*Exercise details*.
Write out the lines below exactly, beginning at the one with "then click Add" and stopping after the one with "Mit diesem Service"; the pictures are not copied.

BEGIN Dataset

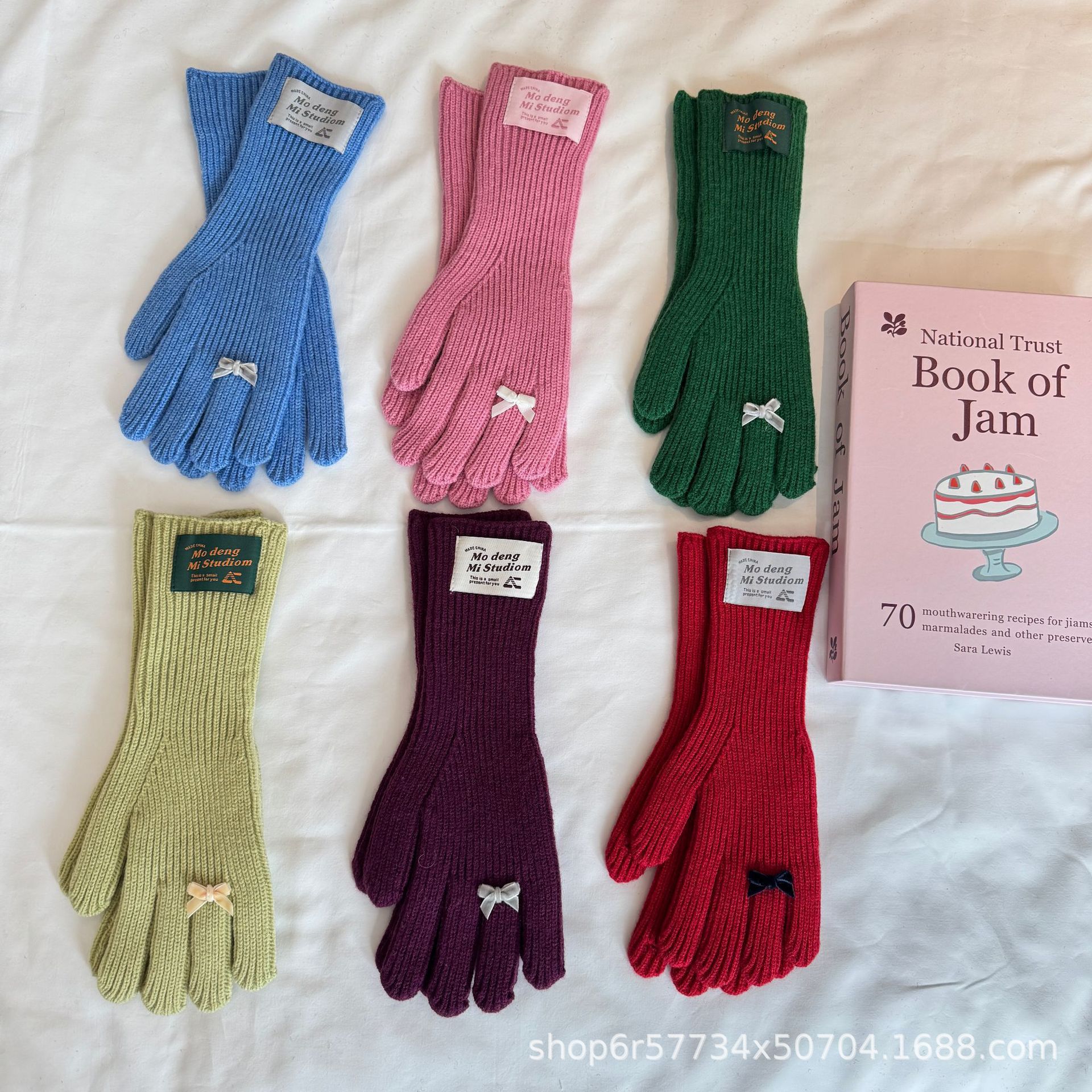 양모 니트 활 장갑으로 여학생 귀여운 한국 단색 가을과 겨울 승마 따뜻한 터치 스크린
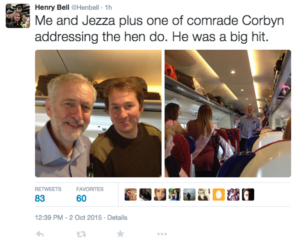 Henry Bell, a journalist who witnessed the encounter, said Corbyn proved to be "a big hit" with the group of women, at least one of them clad in a pink sash, on a train in Scotland.
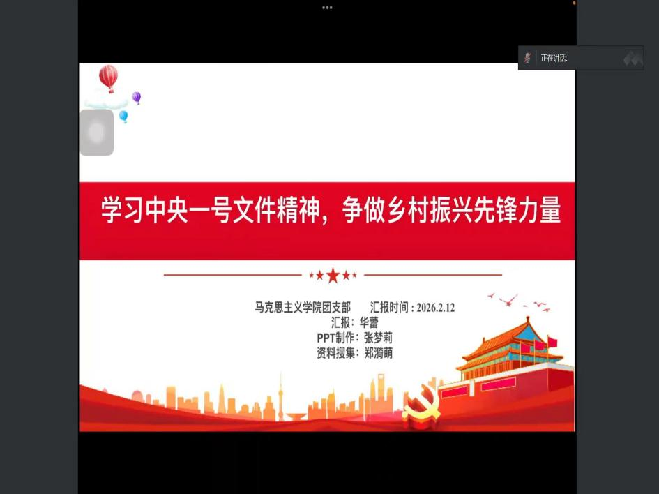 为深入学习贯彻2026年中央一号文件精神,引导青年学生深刻领会新时代农业农村现代化和乡村全面振兴的战略意义,2月12日,禁漫天堂下载 团支部开展“学习中央一号文件精神,争做乡村振兴先锋力量”主题团课。本次团课由华蕾同学主讲,郑漪萌、张梦莉等同学协作筹备,禁漫天堂下载 全体团员参加。
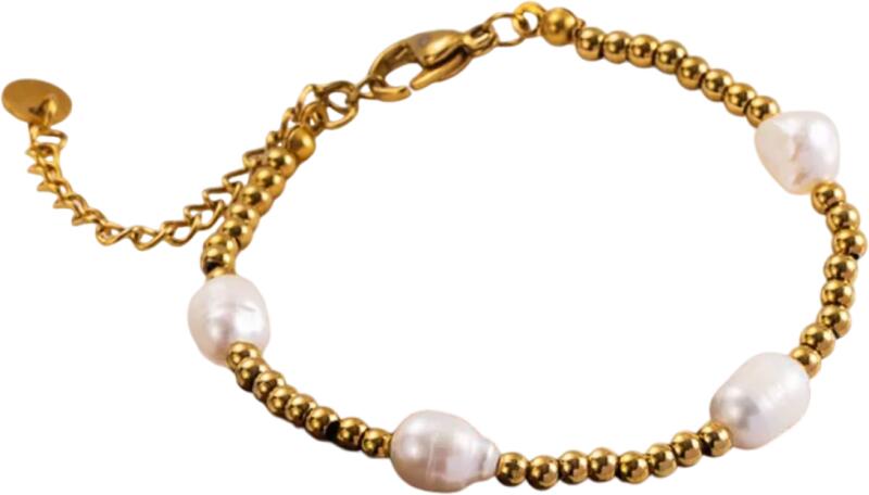 Sweet Pearl karkötő Az elegáns karkötő a gyönyörű gyöngyöket a fémgyöngyöcskék fényével kombinálja, így csodás kiegészítőt alkot minden alkalomra. Az aszimmetrikus gyöngyök finom és természetes megjelenést kölcsönöznek a karkötőnek, míg az arany gyöngyöcskék luxus érzetet adnak hozzá. Ez a dizájn tökéletes olyan nők számára, akik az elegancia és az ered
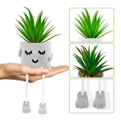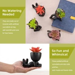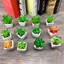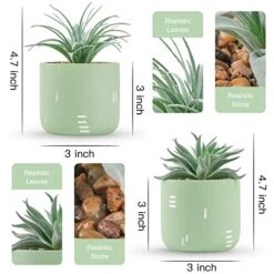 Creative Succulent Plants Potted, Mini Artificial Decorative Potted Plants With Grey Pots – Set Of 3
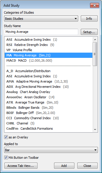 •click the Studies button on the chart toolbar to open the Manage and Add Studies window, click the study, then click Add
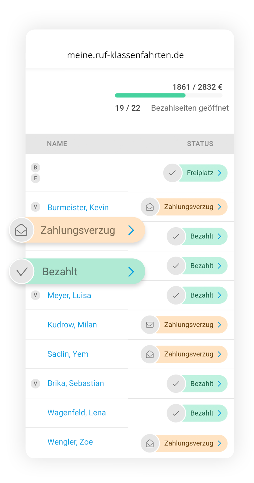 Mit diesem Service nimmt der Reiseveranstalter dem Anmeldenden - i.d.R. dem Lehrer bzw. der Lehrerin - die komplette Zahlungsabwicklung ab, inkl. eventueller Zahlungserinnerungen. In einer übersichtlichen Darstellung ist der aktuelle Zahlungsstatus der Schüler immer sichtbar.
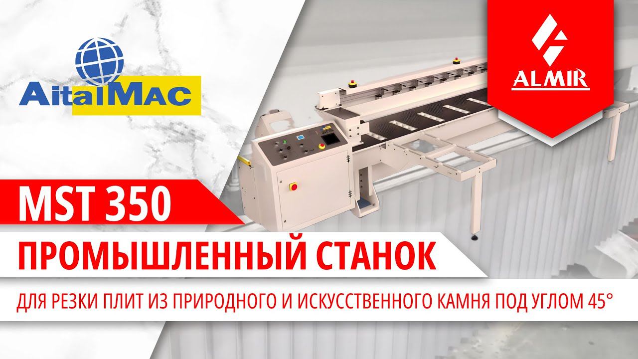 Промышленный станок для точной резки плит из природного и искусственного камня под 45 градусов MST 350 от компании AitalMac. - жесткая конструкция не допускает появления вибраций и помогает создавать четкую и правильную кромку на любых каменных материалах; - специальное приспособление для легкой загрузки и выравнивания плит, пневматические цилиндры для надежной фиксации плиты на столе; - возможность обработки узких полос, точный угол реза с постоянным наклоном.

END Dataset

*Answer space*.
 •click the Studies button on the chart toolbar to open the Manage and Add Studies window, click the study, then click Add
 Mit diesem Service nimmt der Reiseveranstalter dem Anmeldenden - i.d.R. dem Lehrer bzw. der Lehrerin - die komplette Zahlungsabwicklung ab, inkl. eventueller Zahlungserinnerungen. In einer übersichtlichen Darstellung ist der aktuelle Zahlungsstatus der Schüler immer sichtbar.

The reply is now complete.